# Our words in conformity with God's will?



## gordon 2 (Mar 26, 2011)

Are this man's words in conformity with God's will? His ideas of peace and justice are they his will or God's will?
Does this man talk from the Kingdom within or was he a charleton, a fraud that would lead astray? Was he just nuts? a real criminal?

What are your ideas on his take on peace, justice and wars? Is this man a prophet or a pride filled pretenter?


----------



## Ronnie T (Mar 26, 2011)

I hope everyone will take the time to listen to ever minute of his words as you've posted it.

God's Spirit within me says Mr. King spoke the truth.


----------



## thedeacon (Mar 26, 2011)

I think that Dr. King was a great man and what he is saying here is as close to the truth as any mortel man has ever spoken.

In my opinion he was a fit martyr not only for the black race but for every person in our country. 

But I don't believe he was either  a prophet or a pride filled pretenter. I think he was a very wise, God fearing man.



My question is, Where are our great men of today? I just can't see them.


----------



## gordon 2 (Mar 26, 2011)

thedeacon said:


> I think that Dr. King was a great man and what he is saying here is as close to the truth as any mortel man has ever spoken.
> 
> In my opinion he was a fit martyr not only for the black race but for every person in our country.
> 
> ...



It is you, my brother, you. A genuine repentance and a run to the wells of the Kingdom of God will make you, YOU, a mighty man of power according to your gifts and the will of God. There is, much work to be done and work for everyone, for you, and your children and  for your grand children and all willing to do what is right.


----------



## gordon 2 (Mar 28, 2011)

Ronnie T said:


> I hope everyone will take the time to listen to ever minute of his words as you've posted it.
> 
> God's Spirit within me says Mr. King spoke the truth.



So it is with me as well.

I find it very painful Ronnie T to live where, family, co-works, friends, governments and the church to some degree, chase their tails in our lives' moral arena, in what seems indifference to justice in order to do the exact oposite of what Jesus said was required of deciples... Which was to sell all.

How many I know that, all good people, who will put up and shut up and wait out what is unjust for their places in heaven or their pension plans in the name of God and faith in His designs!

I find it very painful Ronnie T that the designs I see are not theirs'. Peace from a finer justice will not come out for waiting out life and thereafter out rewards following our deaths. Rather it will depend on the air which we breath from the very seconds of our births. And not just any birth, but where we are not called to do justice to those who sleep, but rather those who live.


----------



## thedeacon (Mar 28, 2011)

gordon 2 said:


> It is you, my brother, you. A genuine repentance and a run to the wells of the Kingdom of God will make you, YOU, a mighty man of power according to your gifts and the will of God. There is, much work to be done and work for everyone, for you, and your children and  for your grand children and all willing to do what is right.

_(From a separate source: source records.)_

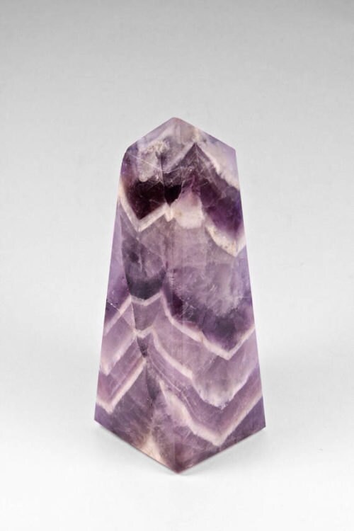 Chevron Amethyst displays v-shaped chevrons of deep purple and white Quartz that “seep” into beautiful layers.
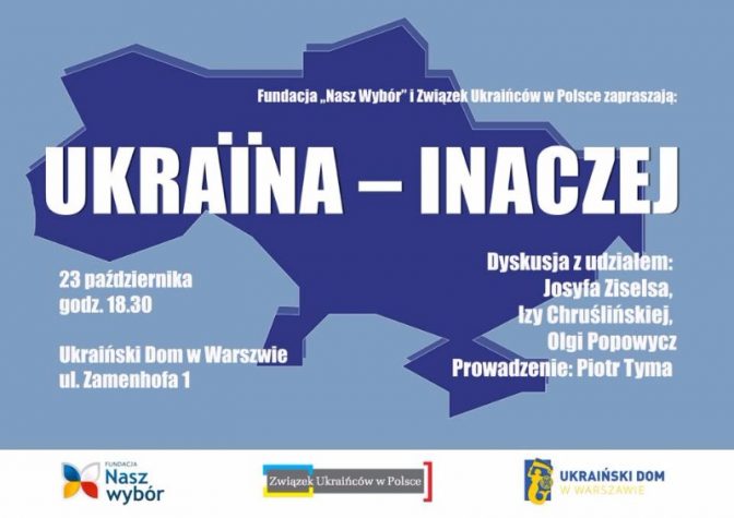 23 жовтня о 18.30 запрошуємо до Українського дому у Варшаві (вул. Заменхофа 1) на дискусію “Україна — інакше”, за участю: Йосифа Зісельса, Ізабелли Хруслінської, Ольги Попович .
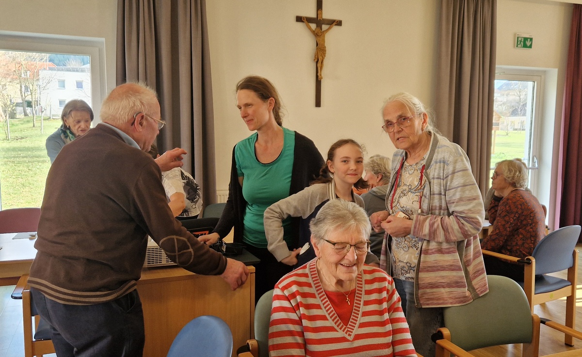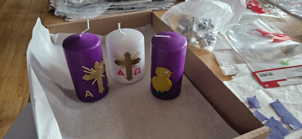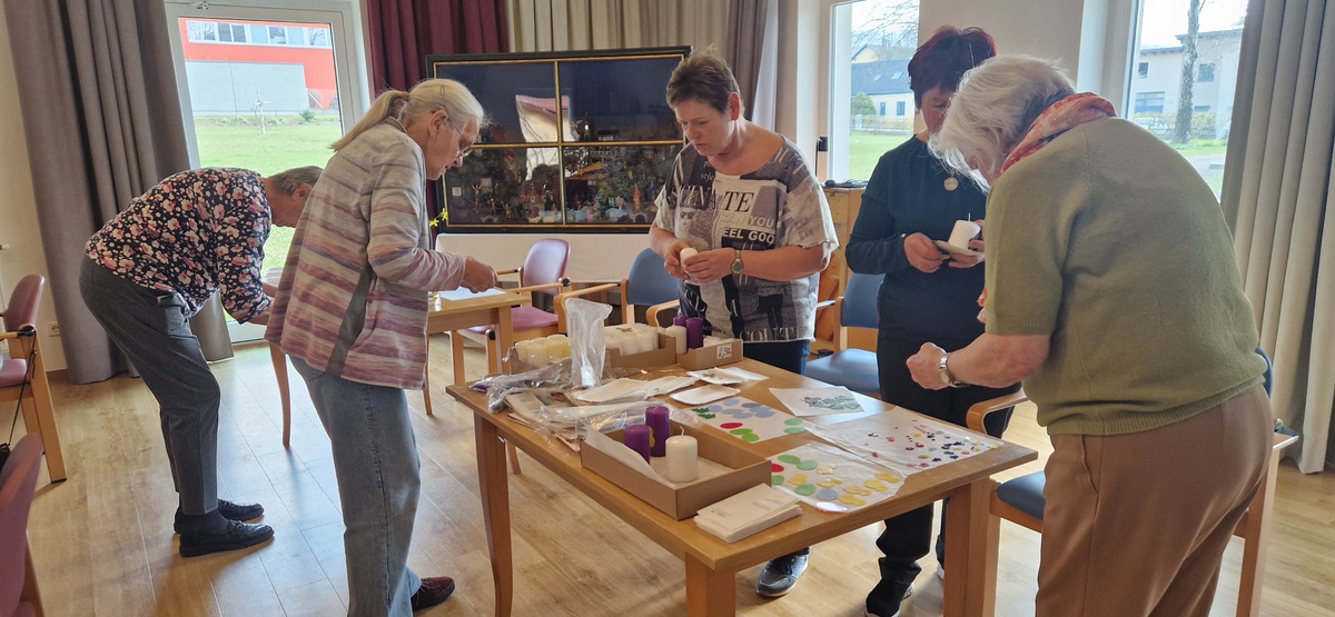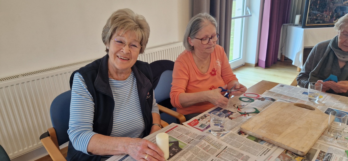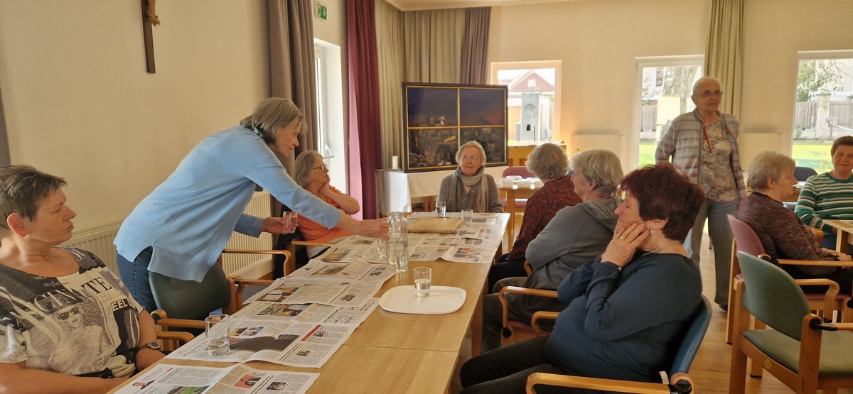 Kathi Kratochwil war immer dabei und gab nähere Informationen über die jeweilige Fastenaktion. So durften wir Kathi auch heuer herzlich willkommen und danke für´s Kommen sagen, wie auch Maria Brauner die Kerzen und neue Deko zum österlichen Verzieren vorbereitet hatte. Alle machten mit viel Begeisterung mit. Es wurde ausgeschnitten, geklebt und Kerzen mit schönen Motiven verziert. Kathi erzählte über die Fastenaktion 2025 „Auf die Würde, fertig los!“ und zeigte einen Film über die „Hüterinnen des Waldes“.

I am not a great man, I wish that I was. I long to make more of a differance but I feel that I have come up short. 

True, there is much work do the done, the fields are ready for harvast, there are many more fields that need to be planted.

Knowledge is increasing every day but I see wisdom on the downfall. 

God needs to be the focus of our lives, we need to be more vegilant in prayer and thanksgiving setting our sights on things not in this world.

God have mercy on us.


----------



## huntmore (Mar 28, 2011)

He was a opportunist! He used the war to further his agenda. He said things that were true and some that were just plain bull. 
If you use your brain and really listen to what he says there is more bull than truth. I guess we should have let the Chinesse backed vc trample south v. Which people is he comparing the blacks of this country to the VC or the S Vietnamesse. He was a socialist pure and simple.


----------